Examples of the types of formation characteristics that can be
determined using these types of devices include: determination,
from deep three-dimensional electromagnetic measurements, of
distance and direction to faults or deposits, such as salt domes or
hydrocarbons; determination, from acoustic shear and/or
compressional wave speeds and/or wave attenuations, of formation
porosity, permeability, and/or lithology; determination of
formation anisotropy from electromagnetic and/or acoustic
measurements; determination, from attenuation and frequency of a
rod or plate vibrating in a fluid, of formation fluid viscosity
and/or density; determination, from resistivity and/or nuclear
magnetic resonance (NMR) measurements, of formation water
saturation and/or permeability; determination, from count rates of
gamma rays and/or neutrons at spaced detectors, of formation
porosity and/or density; and determination, from electromagnetic,
acoustic and/or nuclear measurements, of formation bed
thickness.
[0035] In one implementation, the measurements obtained by logging
device 100 may include well facies data in the well logs (facies
logs).
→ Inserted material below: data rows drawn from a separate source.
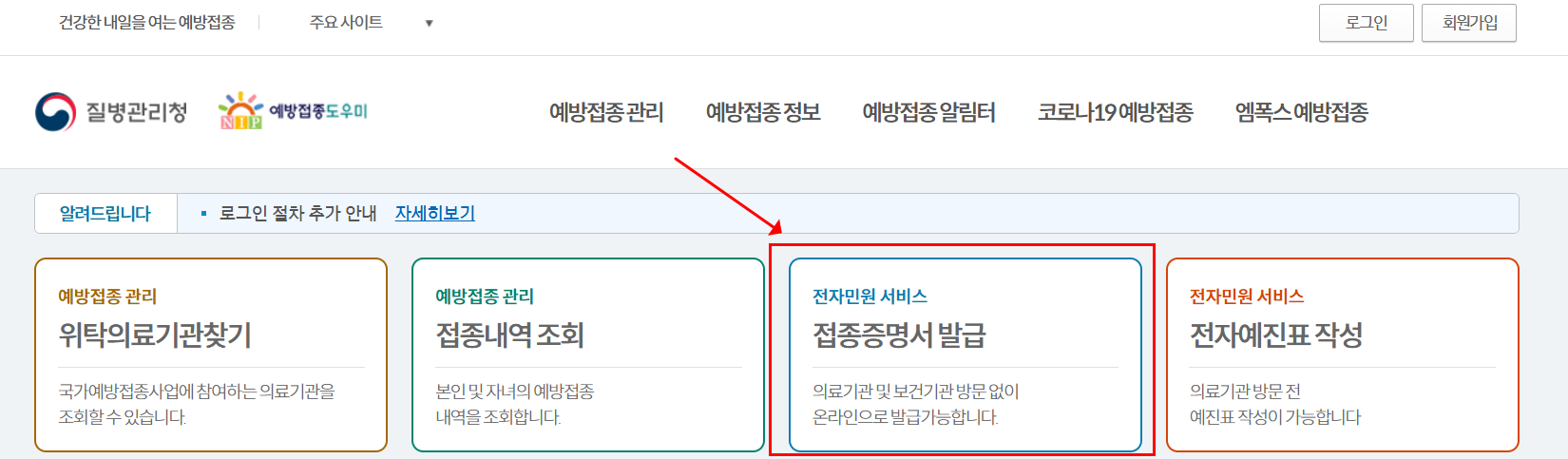 - 예방접종 증명서 발급
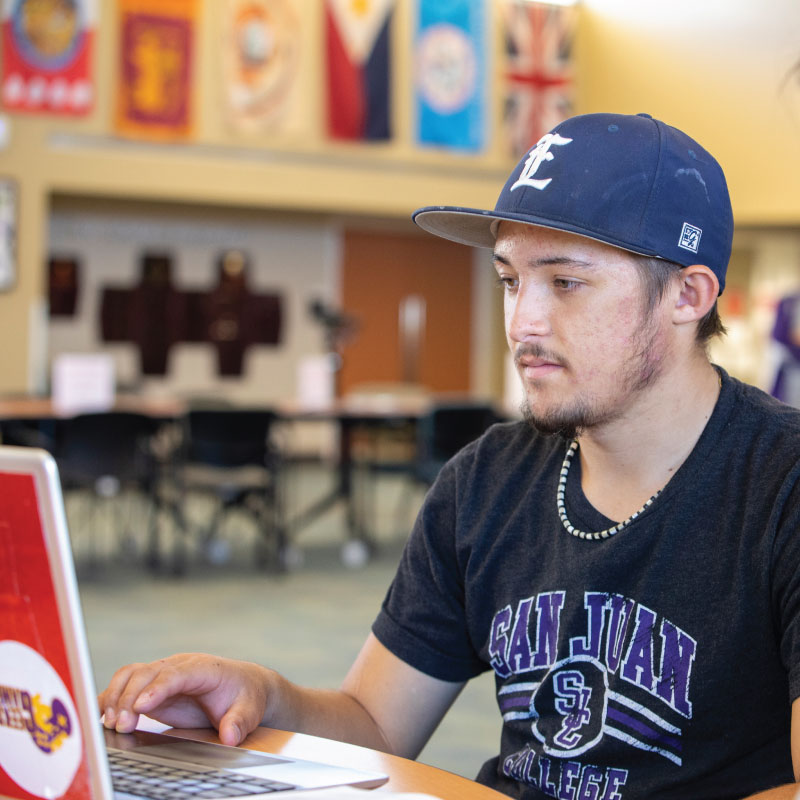 San Juan College Student working on laptop
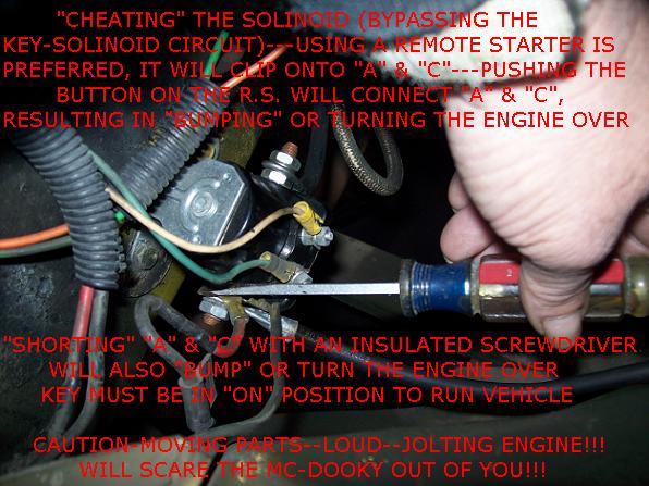 A Jumper wire momentarily touched or a Screwdriver touching POS BATTERY or POS BATTERY CABLE to the "S" terminal will by-pass the wire from the key

Facies logs may indicate the absolute presence or absence of
a targeted facies at different spatial locations. Targeted facies
may include channels, levees, crevasses, shale background and the
like.
[0036] FIG. 2 illustrates a flow diagram of a method 200 for
generating a facies probability cube in accordance with
implementations of various techniques described herein. In one
implementation, method 200 may be performed by a computer
application. The following description of method 200 is made with
reference to method 500 of FIG. 5 and diagram 1500 of FIG. 15. It
should be understood that while method 200 indicates a particular
order of execution of the operations, in some implementations,
certain portions of the operations might be executed in a different
order.
[0037] At step 210, the computer application may receive well
facies data from well facies logs. Well facies logs may be well
logs that have been acquired at various locations in a survey area
such as boreholes and the like, as described above with reference
to FIG. 1. Well facies logs may indicate the absolute presence or
absence of a targeted facies at different spatial locations. An
example of well facies data is provided in FIG. 9.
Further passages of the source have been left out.